The performance is dedicated to the memory of Loreta Alexandrescu, a teacher at the Dance School, who died prematurely last February, to whom the Academy has decided to name the Dance Department scholarships, to which anyone can contribute, even with a small gesture, thanks to the new online section of the site dedicated to donations, as part of the first digital fundraising campaign ‘Aiutiamoli a sognare’.
Born in Romania, Loreta Alexandrescu soon embarked on a brilliant career as a professional dancer in her country. Having arrived in Italy at the end of the 1970s, she had immediately combined her artistic activity with teaching, for which she showed rare talents. She arrived at the Scala Ballet School in 1988 and trained generations of dancers who today, on the strength of her teaching, have become great performers on the world's most important stages.
The performance opens with the Presentation conceived by Frédéric Olivieri to the notes of Johann Sebastian Bach's Concerto for two violins and orchestra in D minor. Solo violins, Ana Paloma Catherine Martin and Da Won Ghang, pupils of the same orchestra, who on several occasions have distinguished themselves as brilliant backing musicians.
The presentation allows us to demonstrate the different technical and interpretative levels reached by the students depending on the course they have attended among the eight in which they are trained.
For some of the youngest dancers, this is their absolute debut on stage. In particular, for the six Ukrainian girls - Polina, Aleksa, Daria, Olha, Mariia, Sofiia - whom the Academy has taken in since the outbreak of war, not only offering them the opportunity to attend the Ballet School free of charge, but also providing concrete support for their families: thanks to the contribution of the Community of Sant'Egidio and the Spazio Aperto Community Association, and thanks to a fund-raising campaign to which patrons and the Academy's own employees contributed, accommodation was found for them, they were placed in state schools and Italian language lessons were arranged for their families.
The show continues with two pieces entrusted to two Italian choreographers.
The first bears the signature of Matteo Levaggi, a dancer and choreographer of great experience, who has made the contamination of multiple artistic languages one of his stylistic features. It is one of his best-known creations, Largo, first staged in 2007 for the Ballet du Grand Théâtre de Genève at the Théâtre des Champs-Elysées in Paris to music by Šostakóvič, for two performers of the calibre of Céline Cassone and Bruno Roy. Levaggi had conceived the piece by including a strong contemporary component, even though he had designed it for dancers with a strong classical background.

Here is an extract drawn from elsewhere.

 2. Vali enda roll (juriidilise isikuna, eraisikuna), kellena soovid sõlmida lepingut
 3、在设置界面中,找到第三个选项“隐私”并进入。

Today Levaggi has added a male figure, choosing another musical composition, Johann Sebastian Bach's Suite No. 1 in G major for solo cello, which will be performed on stage by Sofia Bellettini, a former student of the Course for Orchestra Professors.
The second creation is by Valentino Zucchetti, specially designed for the Ballet School. Canone Allegro engages on the first movement of Felix Mendelssohn-Bartholdy's Concerto for Violin and Orchestra, Op. 64, fourteen dancers, eleven boys and three girls aged between 16 and 18, from 6th to 8th grade, in a succession of steps requiring great technical and expressive skills.

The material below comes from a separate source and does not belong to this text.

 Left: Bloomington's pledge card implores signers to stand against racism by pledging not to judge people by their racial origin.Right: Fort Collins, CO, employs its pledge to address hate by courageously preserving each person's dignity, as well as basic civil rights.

The now recognised talent of Giovanni Andrea Zanon, with whom the Academy has already collaborated in the past, is entrusted with the solo role in Mendelssohn's Concerto.
It closes with Serenade, one of George Balanchine's best-known ballets, to music by Pyotr Ilyich Tchaikovsky, revived by Patricia Neary, who, after a brilliant career as a soloist with the New York City Ballet under Balanchine himself, took up his legacy, reviving his productions worldwide.
Serenade, which constitutes one of the highest examples of his style, sees 28 dancers in sky-blue costumes dancing in front of a backdrop of the same hue. As he himself wrote in Complete Stories of the Great Ballets: "For Serenade many people think there is a story hidden in the ballet. There isn't. It is simply dancers moving to a beautiful piece of music. The only story is the story of the music, a serenade, a dance, if you like, in the moonlight".